Faster RCNN Object Detection
With Faster RCNN, the 3rd generation in the family of region-based detectors, we are replacing the selective search algorithm that is considered computationally expensive, with a neural network called the Region Proposal Network (RPN) that as the name implies produces the proposals. This allows us to call the detector differentiable and therefore train it end-to-end in a much more straightforward way.

Therefore, in this architecture there is one CNN network that not only produces a global feature map but also produces proposals from the feature map itself rather than the original image, using additional convolutional layers and a sliding window scheme detailed below. Since the RPN component is the key differentiator we limit the discussion to it.

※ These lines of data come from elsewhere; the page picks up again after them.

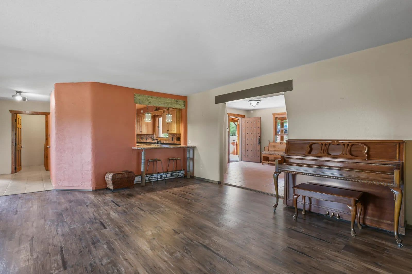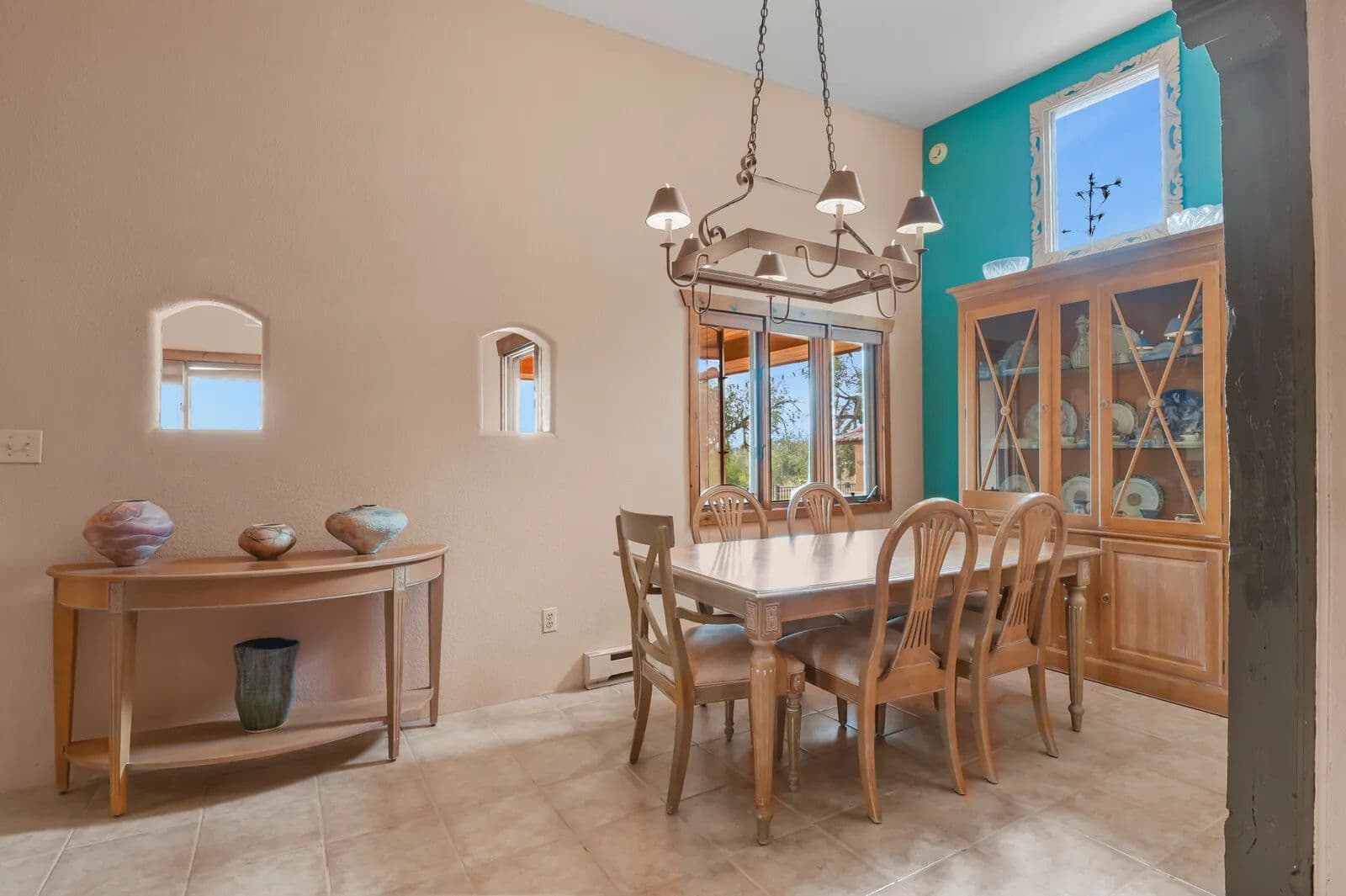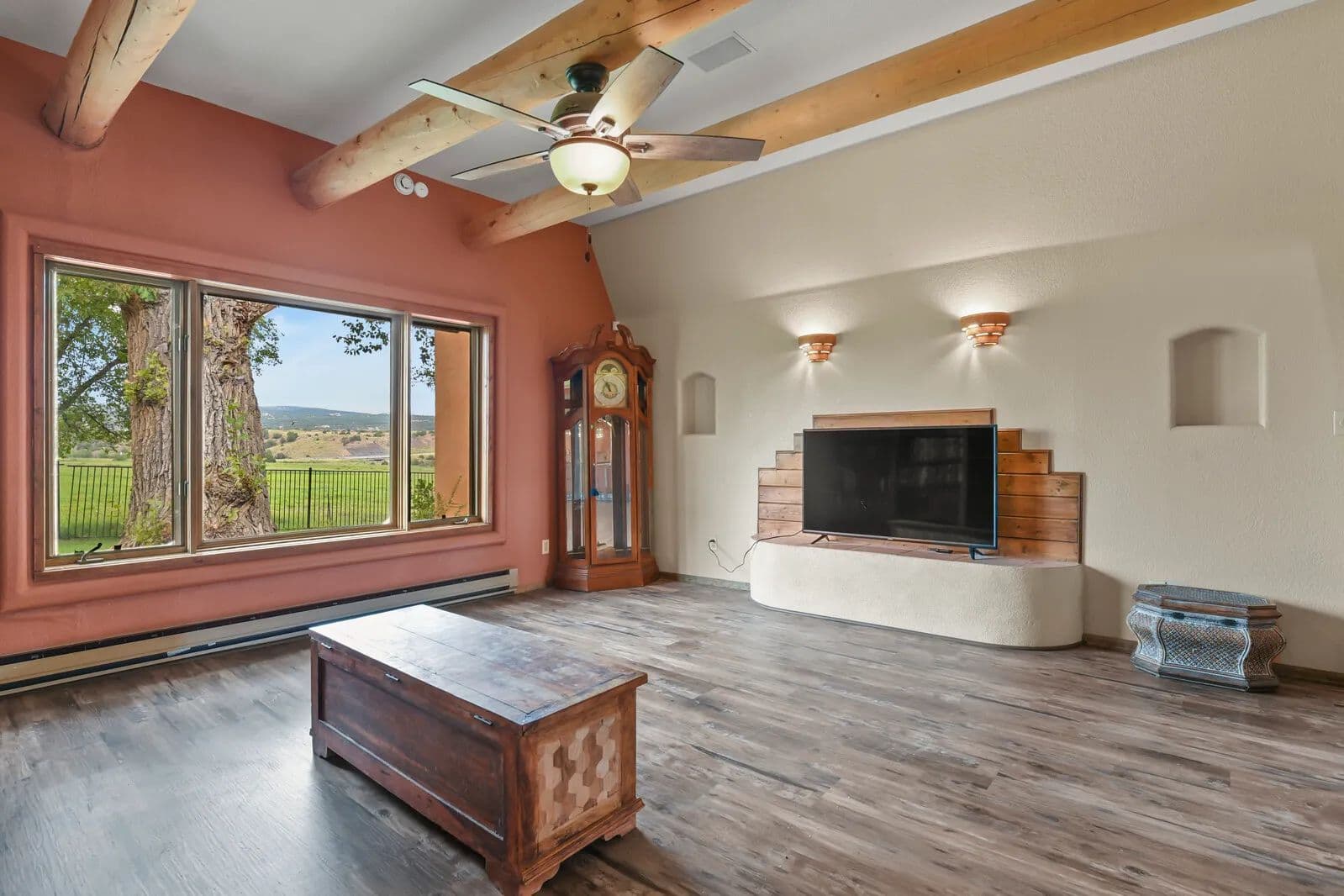 The main residence is a charming 2,915± square-foot Spanish-style adobe home, showcasing classic adobe character with exposed wood beams, luxury vinyl plank flooring, and tile throughout the main level. This level features a large family room, separate living room, dining room, laundry room, and a kitchen with a spacious walk-in pantry. Upstairs, a third bedroom and full bathroom with a private outdoor entry provide excellent flexibility—ideal for guests, a rental unit, multigenerational living, or an office/studio. The home is largely self-sufficient, powered in part by a 72-panel solar array.
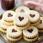 Classic Linzer Cookies feature a buttery, tender almond-flavored dough sandwiched with your favorite jam and dusted with powdered sugar. These delicate cookies with their signature cut-out tops are perfect for holidays or any special occasion.
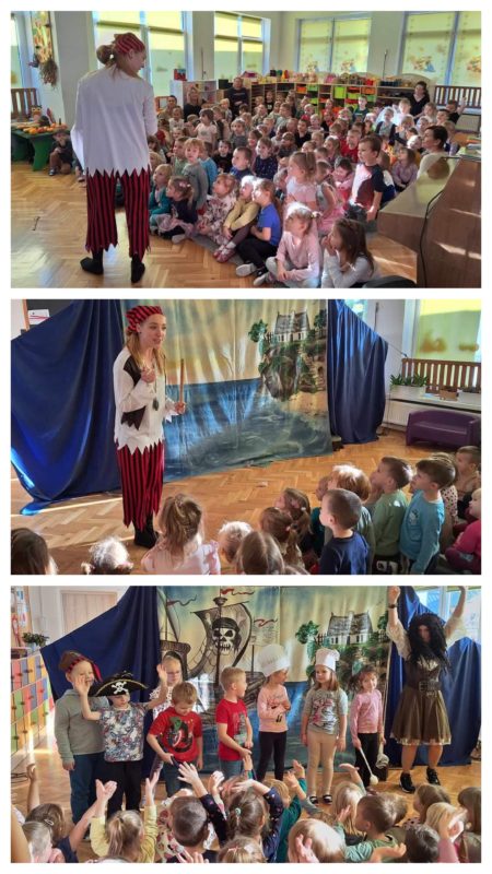 Dziś w naszym przedszkolu odbyło się przedstawienie teatralne pt. „Piraci i skarb pustyni” w wykonaniu aktorów Studio Teatralne Krak-Art. Dzieci poznały historię Kostki, która trafia na statek piracki dowodzony przez słynnego Kapitana Jacka. Wspólnie wyruszyli w podróż do Egiptu, by odnaleźć wielki skarb zwany Diamentem Nilu. Bohaterowie podczas podróży przeżyli wiele przygód, a przedszkolaki nauczyły się, że największym skarbem dla człowieka jest miłość i przyjaźń.
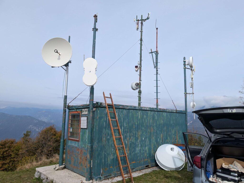 Wie geplant wurden alle Antennen installiert. Jene Antenne, die zur Marmolada schaute (Mikrotik Dynadish), wurde zum Monte Cesen gedreht.
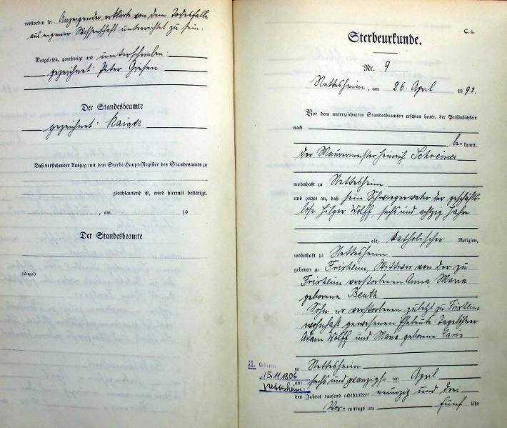 | aktuell | 16:10, 18. Mär. 2012 | 1.158 × 1.701, 49 Seiten (8,39 MB) | KlausErdmann (Diskussion • Beiträge) | {{Information |Beschreibung = ;Standesamt Nettesheim, Sterbe-Register von 1893 |Quelle = Gemeindearchiv Rommerskirchen |Urheber = |Datum = 1893 |Scans = Klaus Erdmann ''(Repro: 16.März 2012)'' |
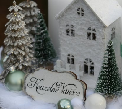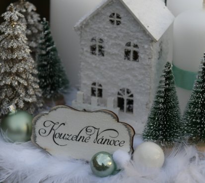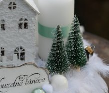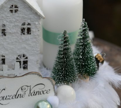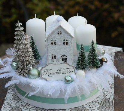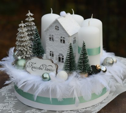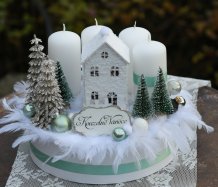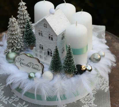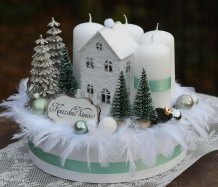 Adventní dekorace se spoustou vánočních přízdob, svíčky jsou vyměnitelné na bezpečnostních bodcích.....krásný zasněžený domeček s led světýlkem k tomu
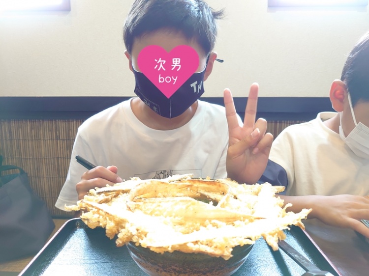 次男と見比べても、ごぼ天のサイズが凄いことがよくわかりますね(笑)
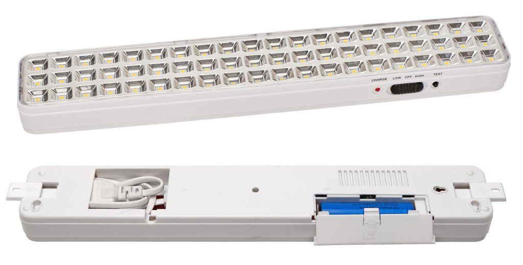 Светильник аварийного освещения светодиодный с выбором режима свечения: постоянный или непостоянный; 60 светодиодов, световой поток 200 Лм; U-пит.187...242В, 1 Li-ion аккумулятор 3.7 В, 2200 мАч, время свечения - до 3 часов; t-раб.0...+40°С, 340х55х30 мм, 0.25 кг
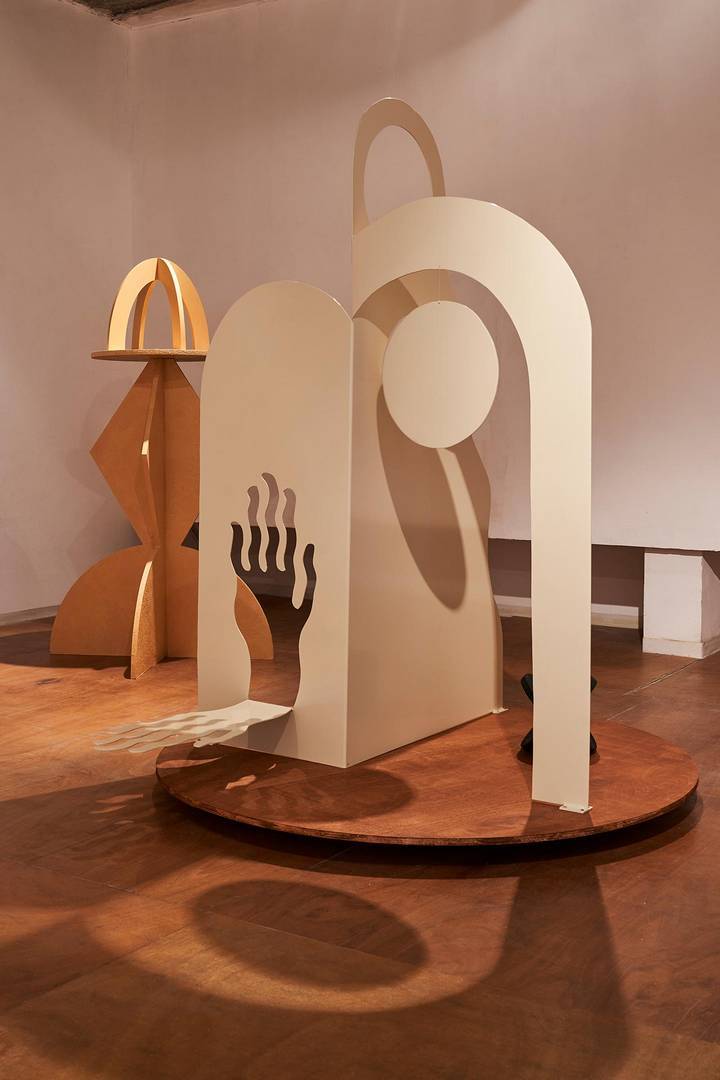 גל: אני חושבת שהעיסוק שלי בצורות בסיסיות, מופשטות יומיומיות ומעברים בין הדו־ממד לתלת־ממד, והרצון ליצור ציור בחלל ויכולת להכניס את הצופה אל תוך ההצבה. בתערוכה יש צמצום והגדלה של האוביקטים ביחס לעבודות קודמות.
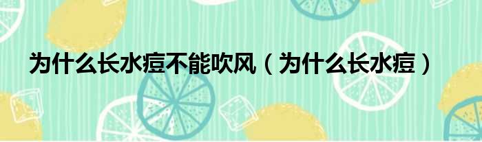导读 大家好,乐天来为大家解答以下的问题,为什么长水痘不能吹风,为什么长水痘很多人还不知道,现在让我们一起来看看吧!1、水痘具有很强的传...
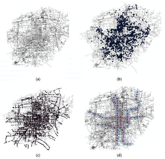 Data spatial distribution in Xi’an, China. (a) Urban road network spatial distribution. (b) Housing spatial distribution. (c) Bus spatial distribution. (d) Metro spatial distribution.
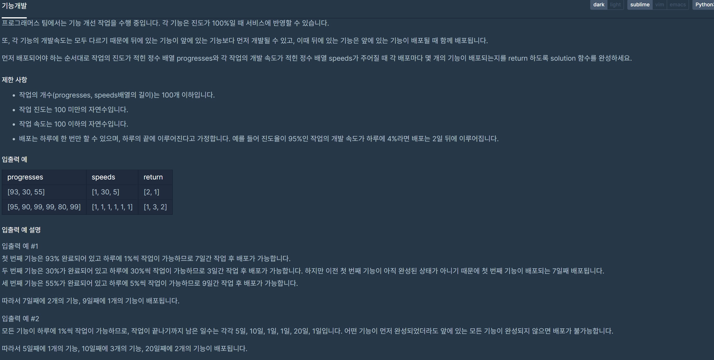 프로그래머스 팀에서는 기능 개선 작업을 수행 중입니다. 각 기능은 진도가 100%일 때 서비스에 반영할 수 있습니다. 또, 각 기능의 개발속도는 모두 다르기 때문에 뒤에 있는 기능이 앞에 있는

Region Proposal Network (RPN)

The RPN produces proposals by sliding a window \(n \times n\) over the feature map. At each sliding-window location, we simultaneously predict multiple region proposals, where the number of maximum possible proposals for each location is denoted as \(k\). So the regression layer has \(4k\) outputs encoding the coordinates of \(k\) boxes, and the classification layer outputs \(2k\) scores that represent the probability of the presence of an object or not an object for each proposal.
The \(k\) proposals are parameterized relative to \(k\) reference boxes, which we call anchor boxes. The size can be changed but by default we use 3 scales and 3 aspect ratios, yielding k = 9 anchors at each sliding position. For a feature map of a size \(W × H\) (typically ∼2,400), there are \(W \times H \times k\) anchors in total.
The RPN network produces a classification score i.e. how confident we are that there is an object for each of the anchor boxes as well as the regression on the anchor box coordinates.